Quello alto con i riccioli si fece avanti e disse semplicemente che avrebbero potuto chiedere a Pallia direttamente. "In fondo è firmato da lei. Dobbiamo chiederlo a lei".

Chanej avrebbe preferito tenerli lontani. Era la sera del suo concerto, non voleva farla sentire minacciata. Rimaneva però che la grafia fosse la sua. Tibu, nonostante il tono sicuro, sembrava pensierosa. "Aspetta" disse e recuperò la propria borsa di lana cotta dal tavolo e ne estrasse un invito assolutamente identico. "È uguale a questo. Me l'ha traslato in borsa questa mattina Pallia". Chanej non aveva ricevuto nulla nella propria borsa, ma prima che potesse dire qualsiasi cosa fu Pallia stessa a intromettersi. "Sentite. Tra cinque minuti devo andare a cambiarmi. Chiariamo quale sia il problema."

I due gruppi si guardarono per un secondo prima che Livia prendesse la parola. Era una ragazza dal viso particolare, molto triangolare, con gli occhi sottili.
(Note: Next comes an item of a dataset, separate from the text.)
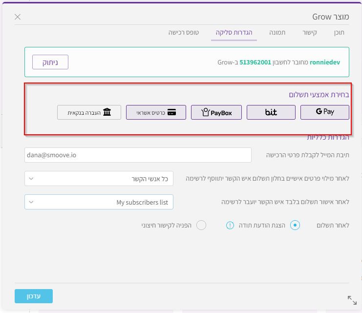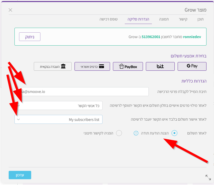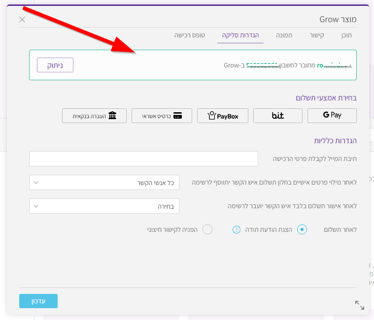 במדריך הנוכחי נסביר כיצד לחבר את דף הנחיתה לסליקה של חברת GROW.

E, come ragazza, forse perché era la più bassa, sembrava stonare tra quei tre ragazzotti. "È arrivato questo invito nella cartella di Cato" disse accennando al foglietto giallo. "C'è la tua firma dietro". Pallia scosse la testa senza nemmeno prendere in considerazione l'invito. "No, non l'ho inviato a voi. L'ho traslato nella borsa di Tibu, Chanej e Kizia".

Qualcosa però suonava storto nella mente di Chanej. Lei non aveva ricevuto niente, quando all'improvviso si ricordò di qualcosa che prima le era sfuggito. "No, aspetta. Pallia, a me non è arrivato niente".

Kizia si intromise. "Certo che non ti è arrivato nulla, hai cucito le rune protettive all'interno dello zaino". E aveva ragione. Le tornarono in mente i segni che aveva cucito solo tre settimane prima nella fodera. "Il mio zaino è impenetrabile da magia, non può essere arrivato".

Pallia sospirò. "Il volantino è partito, ho chiaramente visualizzato il tuo zaino, durante la lezione del seminario. Ti sarà arrivato e ti sarà anche caduto, perché non è possibile che io l'abbia traslato nella cartella di qualcun altro".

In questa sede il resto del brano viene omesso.